I recently designed a combinatorial game (sequential game of perfect information) with an infinite branching factor, that is it has a game-tree of infinite width.

I'm wondering how is it possible to solve this game? How can I find the best move each turn? Which tools game theory in particular and mathematics in general have to study this type of games?

INFINITO

Infinito is a two-player game, played on a (for the moment) 8x8 square board . One player owns the black stones, the other player owns the white stones. Grey neutral stones are needed.

Each player has an infinite number of stones with an unique natural number printed on them: 0, 1, 2, 3, and so on...

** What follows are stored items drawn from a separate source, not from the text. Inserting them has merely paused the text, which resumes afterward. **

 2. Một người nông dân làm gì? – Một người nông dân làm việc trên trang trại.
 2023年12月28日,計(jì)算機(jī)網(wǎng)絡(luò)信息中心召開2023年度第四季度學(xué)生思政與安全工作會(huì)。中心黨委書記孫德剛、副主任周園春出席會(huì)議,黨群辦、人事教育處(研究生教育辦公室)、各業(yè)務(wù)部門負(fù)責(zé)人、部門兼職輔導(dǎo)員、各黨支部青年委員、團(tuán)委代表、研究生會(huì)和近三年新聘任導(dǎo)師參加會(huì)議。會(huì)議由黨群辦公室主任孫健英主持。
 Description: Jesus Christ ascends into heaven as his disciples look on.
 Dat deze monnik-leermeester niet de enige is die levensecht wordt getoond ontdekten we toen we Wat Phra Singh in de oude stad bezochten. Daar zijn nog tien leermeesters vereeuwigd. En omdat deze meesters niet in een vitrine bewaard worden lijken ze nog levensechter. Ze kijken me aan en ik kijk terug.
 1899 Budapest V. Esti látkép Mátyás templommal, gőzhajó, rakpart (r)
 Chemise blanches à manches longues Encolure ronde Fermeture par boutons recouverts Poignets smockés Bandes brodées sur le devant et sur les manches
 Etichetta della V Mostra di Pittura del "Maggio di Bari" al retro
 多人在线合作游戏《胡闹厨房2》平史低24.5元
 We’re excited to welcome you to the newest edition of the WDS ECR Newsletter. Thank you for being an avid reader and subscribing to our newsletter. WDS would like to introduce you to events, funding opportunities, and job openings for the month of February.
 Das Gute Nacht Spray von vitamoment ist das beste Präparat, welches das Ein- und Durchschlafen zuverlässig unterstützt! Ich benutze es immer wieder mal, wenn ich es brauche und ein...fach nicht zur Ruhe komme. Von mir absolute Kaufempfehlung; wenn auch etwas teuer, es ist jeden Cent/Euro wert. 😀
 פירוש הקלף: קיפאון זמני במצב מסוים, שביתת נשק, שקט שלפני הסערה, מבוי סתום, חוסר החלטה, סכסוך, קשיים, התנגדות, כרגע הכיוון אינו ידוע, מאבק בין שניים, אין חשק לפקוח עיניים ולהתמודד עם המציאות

Players move alternately, starting with the player controlling the white stones. Each turn consists of two actions, performed in this order:

Optional move: you can move a stone exactly as a Queen’s moves in Chess, i.e. any number of cells horizontally, vertically or diagonally. If your stone ends its move next to one enemy stone whose value is less than your stone, and your stone wasn’t next to that enemy stone to start its move, replace any friendly stone – but the stone just moved – on the board with a neutral grey stone with “∞” printed on it. In one move you can end up close to more enemy stones whose value are less than your stone, in that case you replace your stones with neutral stones for each of those stones. When you remove your stones from the board, those stones will be available for future placements.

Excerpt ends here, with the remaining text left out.